CHARLOTTE  JOACHIMSTHAL

CHARLOTTE

JOACHIMSTHAL

(1930-2021)

PRE-WAR NAME:

CHARLOTTE HAUSSPIEGEL

PLACE OF BIRTH:

PFORZHEIM, GERMANY

DATE OF BIRTH:

APRIL 4, 1930

LOCATION(s) BEFORE THE WAR:

PFORZHEIM

LOCATION(s) DURING THE WAR:

BRUSSELS

STATUS:

CHILD SURVIVOR, REFUGEE

  • BIOGRAPHIES By Max houss, BROTHER AND DAVID JOACHIM, SON

    Biography of Charlotte by Max Houss, Brother

    My name is Max Houss (born Hausspiegel). I am writing on behalf of myself, my brother and three sisters.

    When I was about ten or eleven years of age, my father, Wolf Hausspiegel, was arrested by the Nazi party in Pforzheim, Germany, tried (unfortunately, we now understand) and sentenced in Civil Court to about two years for verbally degrading the Nazi party. Witnesses were former employees who reported my father after graduation from my father’s watch assembly factory. In 1936-1937 this offense was considered non-violent, hence the sentence was light. Perhaps this was also because our family was “clean” living, and my father was a useful business man, respected in Pforzheim. It was not considered as harsh as those, then accused, others who were sent to concentration camps, then known as detentions camps, together with known communists.

    After my father was in jail for about six months, my mother, Bertha Hausspiegel, set out to free him. One effort was to take me, my sister Jenny and my brother Heinz to a hearing for an appeal in court in Manheim, Germany. My mother’s effortsprevailed and she was able to obtain a release from jail for my father. This was, however, based on the condition that he leaves Germany with his family, immediately. A transit “visa” was provided to exit Germany. My mother applied to the Swiss government to admit my father and his family. Her thought was to have us reside in Switzerland, with the support of Ebauche, the “supplier” of watch materials used for his lifelong craft of watch making.

    The Swiss denied entry for the Hausspiegels, even though my mother contacted my father’s watch factory material supplier Eubache with whom they had been doing business for many years between Pforzheim and Switzerland. My mother pleaded with them to permit my father and family to come to Switzerland to their manufacturing facility, even just to have us enter Switzerland as a step to freedom. I believe advance payments in Deutche Mark deposits were sent to Ebauches.
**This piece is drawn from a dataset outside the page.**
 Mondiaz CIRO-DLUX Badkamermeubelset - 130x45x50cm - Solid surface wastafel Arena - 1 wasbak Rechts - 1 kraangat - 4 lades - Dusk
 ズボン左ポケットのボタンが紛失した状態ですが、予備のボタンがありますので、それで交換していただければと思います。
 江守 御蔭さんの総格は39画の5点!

    My mother opened a bank account in Switzerland to fund our flight after a forced sale or confiscation by the Germans of our home and factory at No 1 Rosenstrasse in Pfozheim. Needless to say, my parents also had Life insurance, a bank account, and the Real Estate title to No 1 Rosenstrasse in Pforzheim. My parents were in watch remontage assembling, plus complete watch selling business using only Ebauches Swiss manufactured parts, imported to Pforzheim, Germany.
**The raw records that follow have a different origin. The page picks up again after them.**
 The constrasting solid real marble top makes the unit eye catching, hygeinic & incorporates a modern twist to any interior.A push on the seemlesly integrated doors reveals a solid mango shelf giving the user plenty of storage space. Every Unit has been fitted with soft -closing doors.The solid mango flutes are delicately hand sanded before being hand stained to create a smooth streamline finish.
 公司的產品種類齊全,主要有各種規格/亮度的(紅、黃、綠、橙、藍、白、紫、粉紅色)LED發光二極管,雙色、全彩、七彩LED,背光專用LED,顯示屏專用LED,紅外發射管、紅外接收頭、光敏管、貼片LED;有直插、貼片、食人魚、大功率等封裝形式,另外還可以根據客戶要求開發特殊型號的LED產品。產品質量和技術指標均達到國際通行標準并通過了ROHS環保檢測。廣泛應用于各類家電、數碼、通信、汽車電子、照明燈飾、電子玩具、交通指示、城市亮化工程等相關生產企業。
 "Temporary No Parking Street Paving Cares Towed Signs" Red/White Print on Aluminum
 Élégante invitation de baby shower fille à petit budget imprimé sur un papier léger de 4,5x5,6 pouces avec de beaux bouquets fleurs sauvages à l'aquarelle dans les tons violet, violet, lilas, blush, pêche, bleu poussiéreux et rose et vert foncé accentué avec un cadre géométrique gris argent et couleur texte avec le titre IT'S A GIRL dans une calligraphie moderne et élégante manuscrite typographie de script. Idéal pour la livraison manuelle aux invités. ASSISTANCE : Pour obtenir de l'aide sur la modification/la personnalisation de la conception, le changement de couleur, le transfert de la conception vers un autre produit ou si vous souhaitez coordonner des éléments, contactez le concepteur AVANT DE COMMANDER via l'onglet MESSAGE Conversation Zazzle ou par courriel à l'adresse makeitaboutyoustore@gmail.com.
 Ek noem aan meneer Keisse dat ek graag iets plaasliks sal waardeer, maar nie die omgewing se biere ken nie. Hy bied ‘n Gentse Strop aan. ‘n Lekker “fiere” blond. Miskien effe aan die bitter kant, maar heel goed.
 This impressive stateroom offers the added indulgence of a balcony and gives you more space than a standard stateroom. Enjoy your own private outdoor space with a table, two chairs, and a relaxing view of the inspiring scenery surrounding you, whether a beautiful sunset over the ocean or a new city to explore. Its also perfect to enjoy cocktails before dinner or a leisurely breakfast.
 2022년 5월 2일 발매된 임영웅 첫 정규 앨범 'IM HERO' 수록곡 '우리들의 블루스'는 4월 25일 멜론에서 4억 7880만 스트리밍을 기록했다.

    Eugaches, in spite of all the pleading by phone and letters, did nothing to help Wolf Hausspiegel and family. I don’t know what became of the money paid toward a passage through Switzerland to Italy to board a ship for the Union of South Africa.

    Passage to the Union of South Africa was then arranged by my mother in Pforzheim. I don’t know whom she bribed, but she actually purchased a ticket for us to board a ship in Italy which required passage through Switzerland.
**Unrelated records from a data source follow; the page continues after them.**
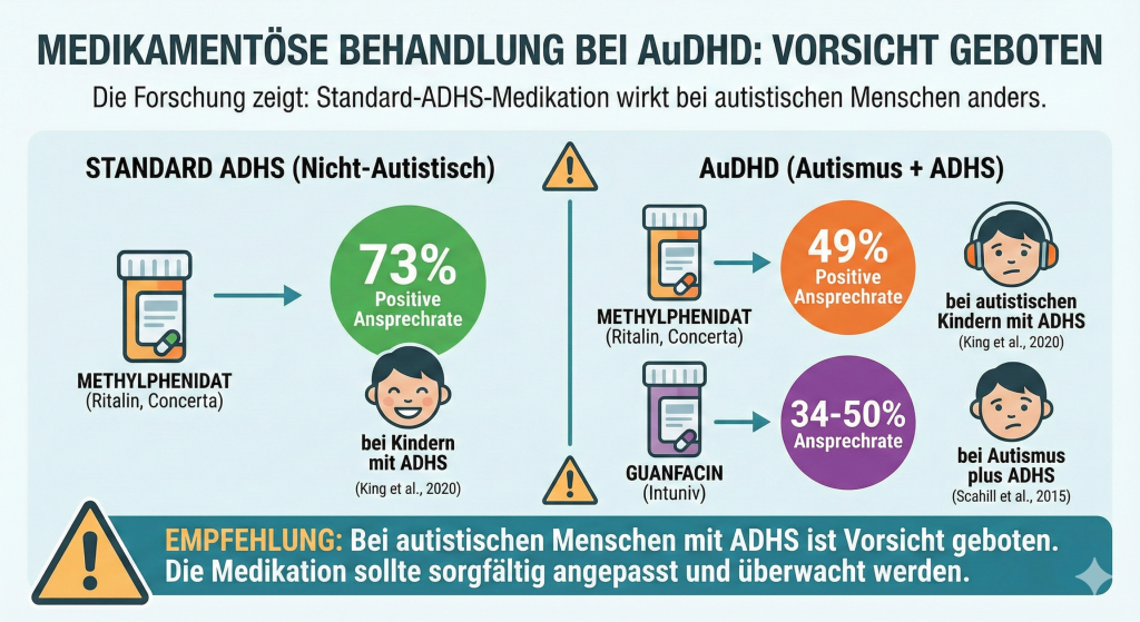 • Methylphenidat (Ritalin, Concerta): 73% positive Ansprechrate bei Kindern mit ADHS, aber nur 49% bei autistischen Kindern mit ADHS (King et al., 2020)
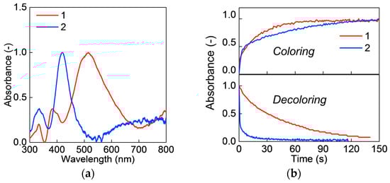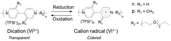 Redox-active polymers have been attracting considerable attention as the key components of various energy-related devices such as charge storage devices, displays, memories, and solar cells due to their splendid electrochemical characteristics [1,2,3,4,5,6,7,8,9]. In particular, electrochromic (EC) polymers represented by polyviologens, polythiophenes, and metallopolymers show high contrast accompanied with reversible redox reactions [3,9,10,11,12,13,14,15,16,17,18]. The polymers were studied as the candidates for wet-processable [19] materials for displays and smart windows. The EC materials usually retain their coloring states even under the open circuit condition, enabling the low power consumption characteristics (i.e., memory effect), which is a significant contrast to liquid crystal and organic light-emitting diode displays [10,11,20]. The absorption wavelength was tuned by introducing substituent to redox-active units, changing conjugation length, and substitution of heteroatoms or metals in case of polythiophenes and metallopolymers [11,12,13,14,15]. Such color tunability and the potentially high reflectance of the EC cells (>70%) [21,22] could be regarded as one of the important advantages against conventional electronic papers (e-papers) [23,24,25]. Still, the color of the polyviologens has been limited to typically violet whilst tuning of chemical structures was common with the low molecular weight compounds [11,26,27,28,29,30,31].
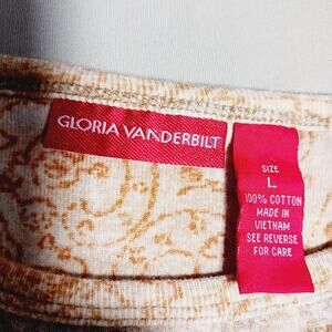 Size L Gloria Vanderbilt T-shirt in soft 100% cotton featuring a Café de Paris graphic with gold metallic accents and a warm vintage-inspired palette. Artful and eye-catching with a romantic European feel that is perfect for effortless styling with denim or layered looks.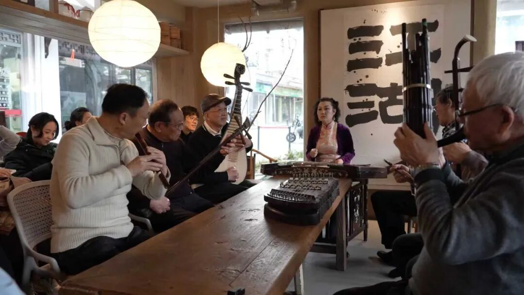 近日,上海市七宝老街蒲汇塘畔赏心院人文茶馆内,一场围桌雅集的江南丝竹春集温情奏响。本次活动由上海音乐学院中国仪式音乐研究中心主办,既是“拾回蚕丝的声音”项目的成果汇报,亦是学院派与民间丝竹传统交融碰撞、互学互鉴的和合共鸣。沪上长桥乐社、康文国乐团、范家班社等民间乐社与上海音乐学院(下称“上音”)师生齐聚一堂,共赴这场跨越时空的传统之约。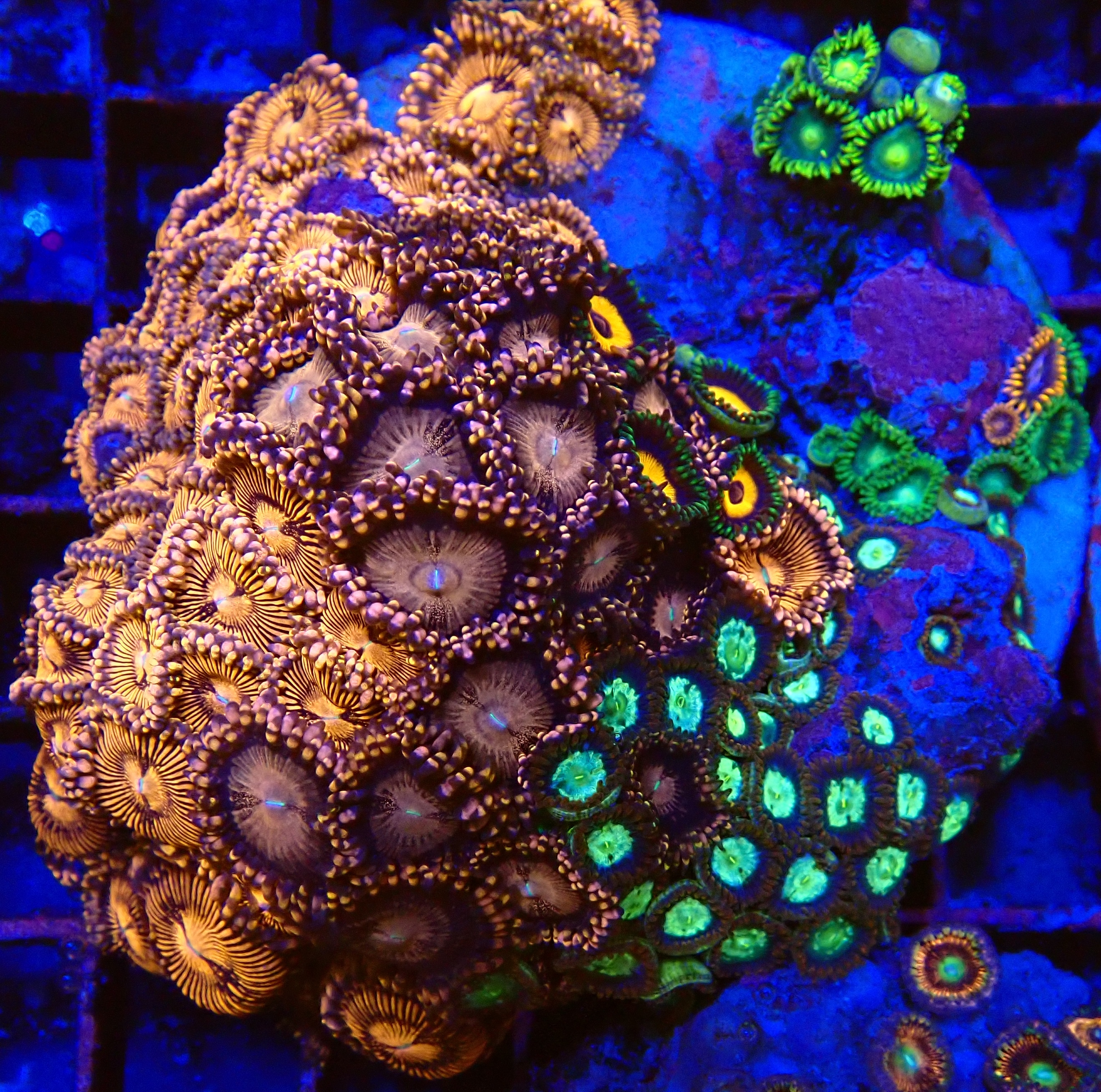 Unique WYSIWYG Zoanthus garden coral. One-of-a-kind, exactly what you see! Are you looking for a real eye-catcher for your reef aquarium? This unique WYSIWYG coral is an absolute must-have for every serious reefkeeper. No stock photos or surprises – what you see is exactly what you get. And what you get is spectacular.

    All attempts to have us travel through Switzerland to board passage in Italy were also denied. Officials in Germany for the Swiss Government did not respond. My father was in limbo. He could not be released from jail until he had bona fide passage out of Germany.

    My mother was resourceful. I recall that she was somehow able to book a single passage on a ship to the Union of South Africa from a southern French port. Armed with that purchased ocean trip ticket to the Union of South Africa, my father left jail and boarded a train for a southern seaport in France. He stayed in France just long enough to emigrate from France to the United States in 1938.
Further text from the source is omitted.